**About this exercise**:
Don't include pictures. Quote the lines below from the first through the line that contains "127532002第一版人民".

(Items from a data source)
===============

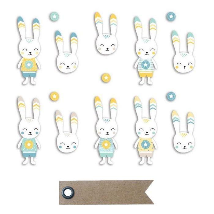 Formes découpées en papier - YOUDOIT - Léonard - 20 lapins - 20 étiquettes kraft - Multicolore
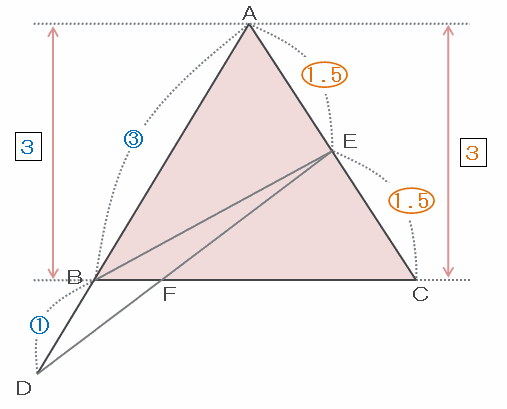 そこで次の図のように、辺AEとECの長さの比を1:1ではなく1.5:1.5と表せば、高さの比が3にそろいます。
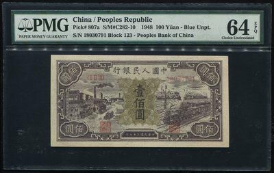 127532002第一版人民币工厂与火车100元一枚(ⅠⅡⅢ18030791、PMG 64EPQ)一元起拍,就这张纸币状态而言可谓完美,但因纸张等先天原因只评到64EPQ。
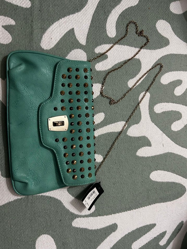 Koyu turkuaz renkte, desenli, tokalı ve metal çıtçıtlı suni deri çanta. Zincir askısı ile günlük sokak stiline uygun. Hiç kullanılmadı yurtdışından geldi
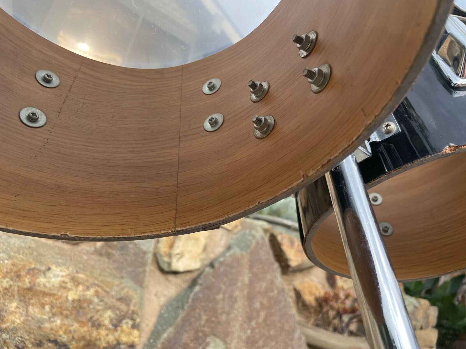 The drums look decent and sound fine. There is some wear along the bottom edges of the drums. A couple spots appears there is some normal ply separation (could be fixed with a syringe and some glue or they work just left alone)
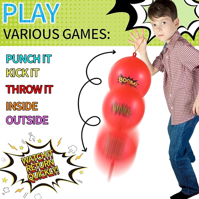 - Fun ball games: these colorful punch balls can be used for a variety of punching exercises to develop hand and eye coordination, and you and your child are sure to have fun.
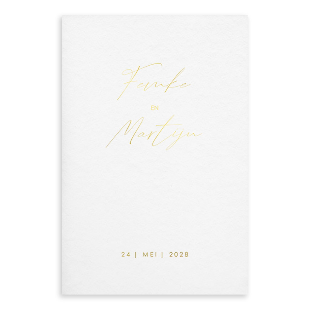 Kies voor deze doorschijnende voorkant van jullie trouwkaart. Er wordt prachtige goudfolie op gedrukt. Je kunt een losse kaart achter deze kaart van kalkpapier kiezen.
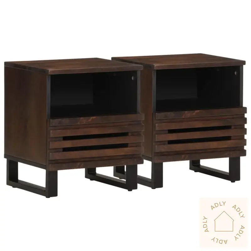 Hver del er unik, med naturlige variasjoner i farger og struktur i heltre mango. Produktet leveres med tilfeldig kornmønster og farge, så du får en helt individuell finish på dine møbler.Farge: brunMaterialer: heltre mango, konstruert tre, stålMål: 40 x 34 x 46 cm (L x B x H)Med 1 romMed 1 skuffMontering kreves: jaLeveransen inneholder:2 x nattbord
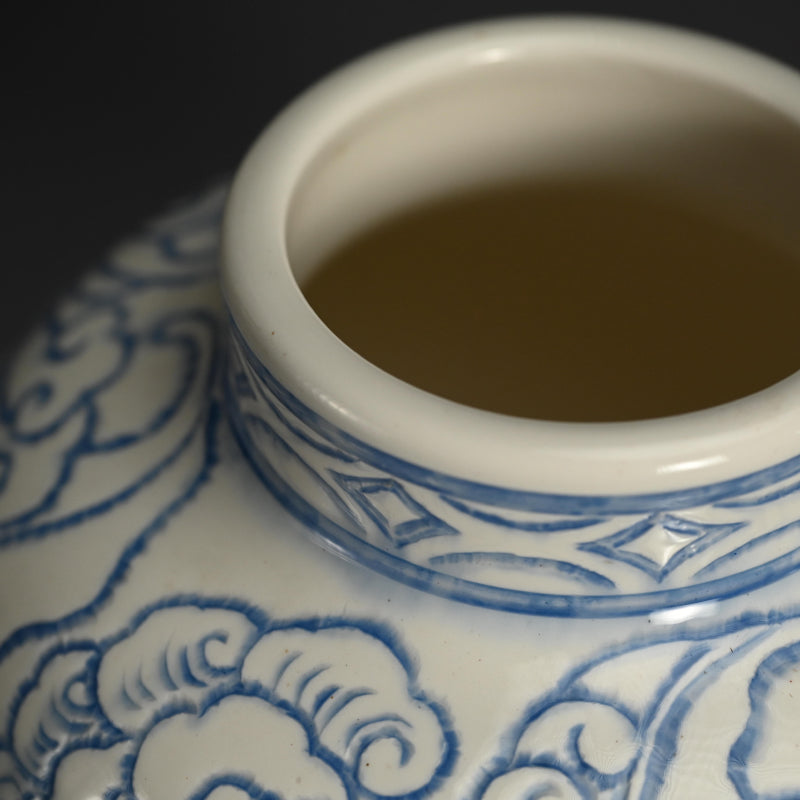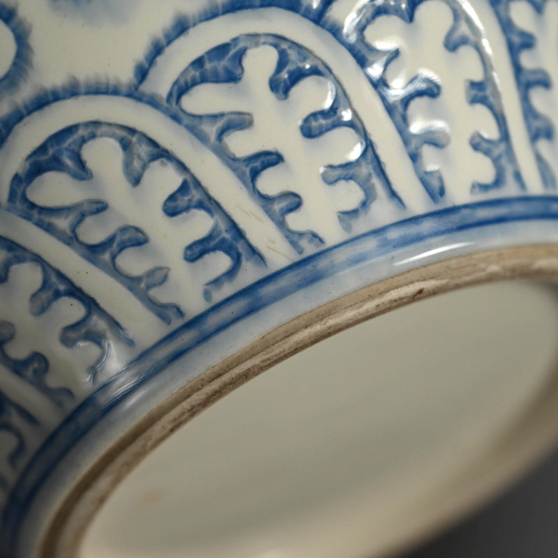 A very unusual modern Minpei vase in blue and white, the blue etchedinto the surface in a very unusual technique. In fact it was created by carving the imagery into the vessel, glazing in white then blue, then wiping away the bulk of the blue glaze, leaving only that which was in the deep recesses. Thus you are left with a “negative” version of the design in blue. It is 22 cm (9 inches) diameter, 25.5 cm (10 inches) tall and in excellent condition, dating circa 1925. It comes in the original wooden box signed Minpei-kama Zo.

===============

**Result of the task**:
 Formes découpées en papier - YOUDOIT - Léonard - 20 lapins - 20 étiquettes kraft - Multicolore
 そこで次の図のように、辺AEとECの長さの比を1:1ではなく1.5:1.5と表せば、高さの比が3にそろいます。
 127532002第一版人民币工厂与火车100元一枚(ⅠⅡⅢ18030791、PMG 64EPQ)一元起拍,就这张纸币状态而言可谓完美,但因纸张等先天原因只评到64EPQ。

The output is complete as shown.